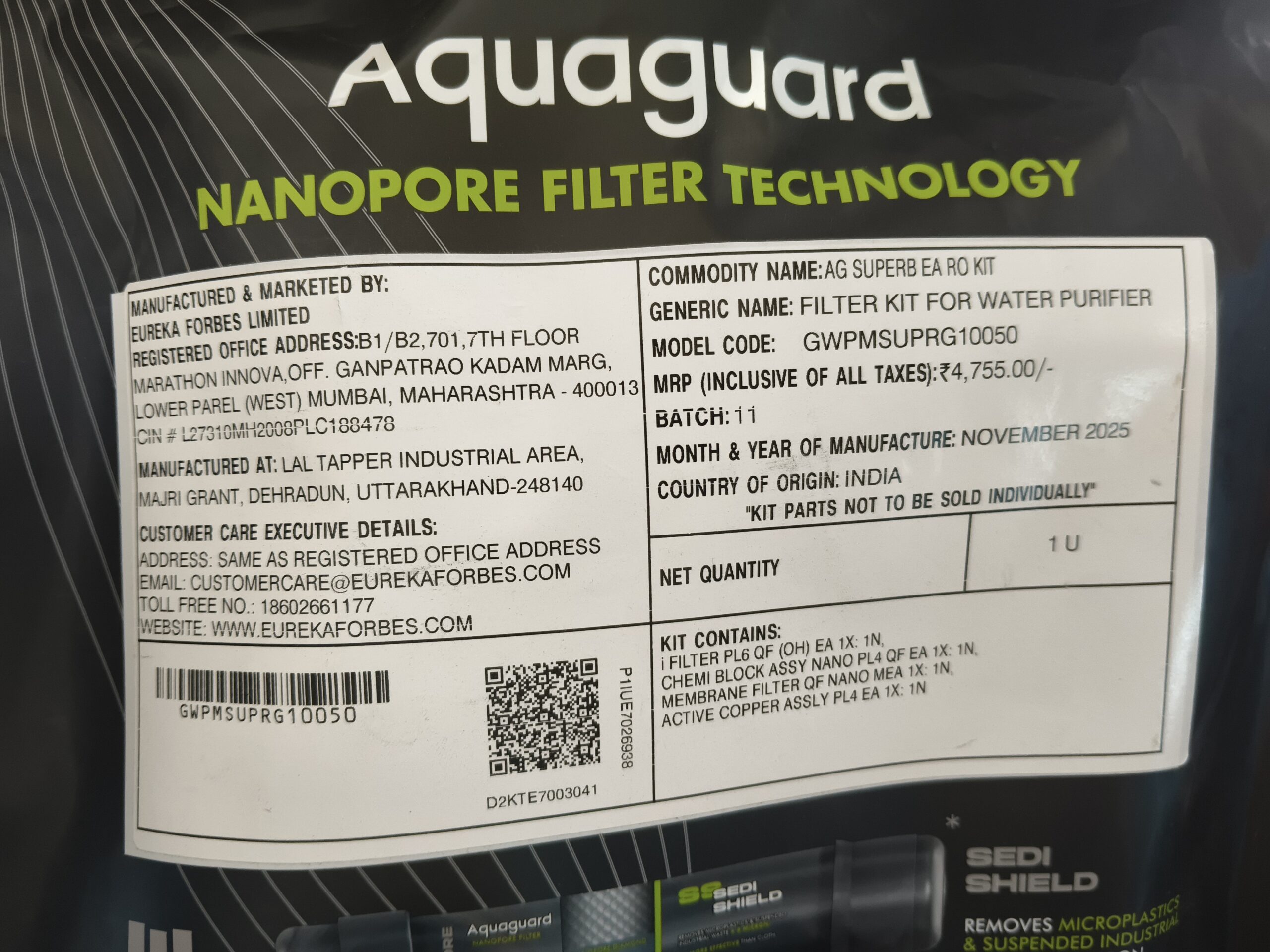 This kit contains genuine Aquaguard filters, and customers can verify authenticity by scanning the QR code printed on the packet. Once scanned, it will display the list of compatible RO models and kits, helping you confirm suitability before installation.
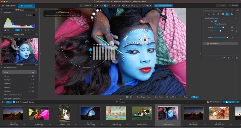 Edit your images with incredible precision using U Point™. These tools feature adjustable sensitivity levels and a comprehensive range of local adjustment options, including manual and automatic brushes and graduated filters.
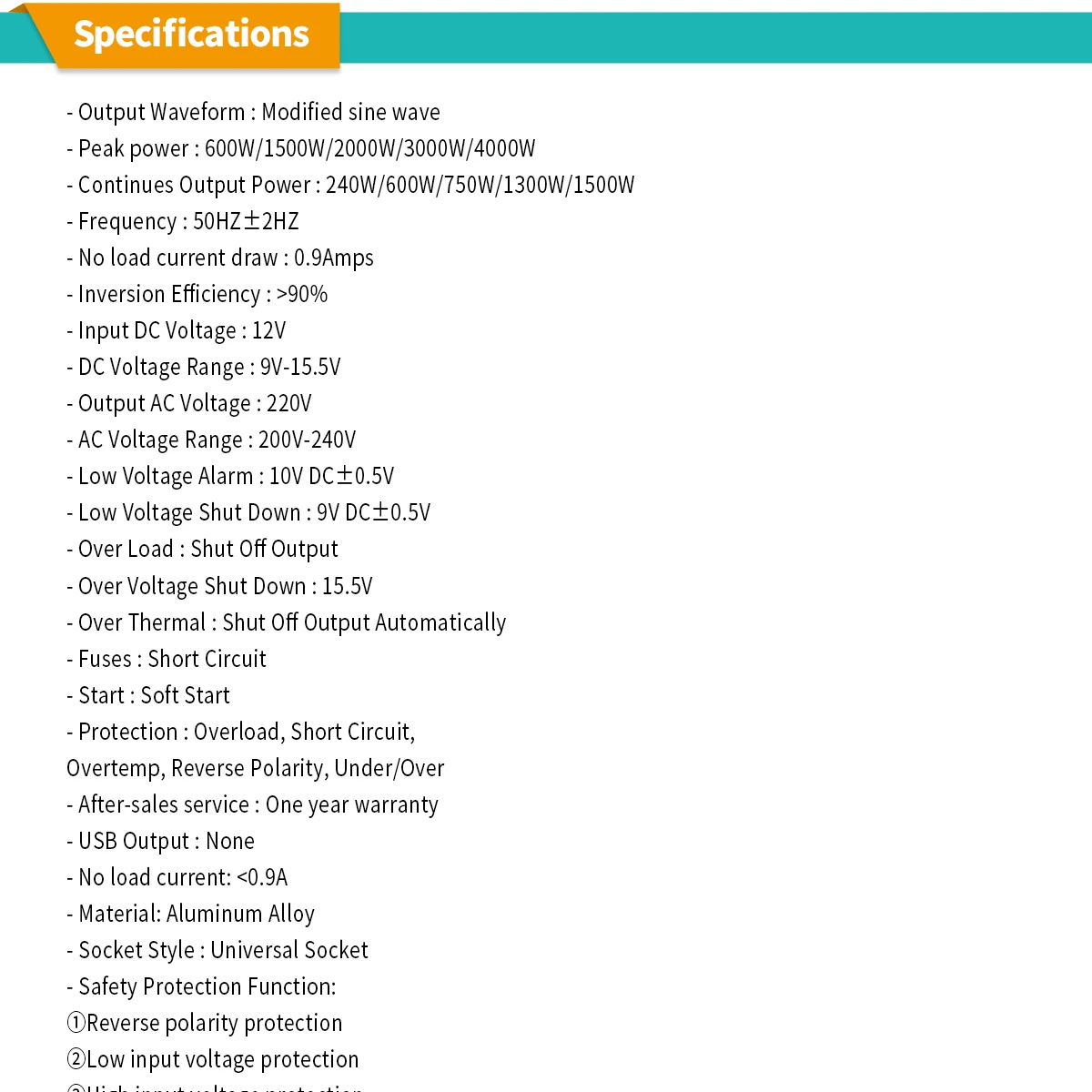 Related Products for Automobiles, Parts & Accessories and 2000W Peak Power Inverter DC 12V/24V to AC 220V Auto Portable Charger Converter Adapter Modified Sine Wave Universal Socket

__Your task__: Restate the data above word for word, omitting every picture.

__Task output__:
 This kit contains genuine Aquaguard filters, and customers can verify authenticity by scanning the QR code printed on the packet. Once scanned, it will display the list of compatible RO models and kits, helping you confirm suitability before installation.
 Edit your images with incredible precision using U Point™. These tools feature adjustable sensitivity levels and a comprehensive range of local adjustment options, including manual and automatic brushes and graduated filters.
 Related Products for Automobiles, Parts & Accessories and 2000W Peak Power Inverter DC 12V/24V to AC 220V Auto Portable Charger Converter Adapter Modified Sine Wave Universal Socket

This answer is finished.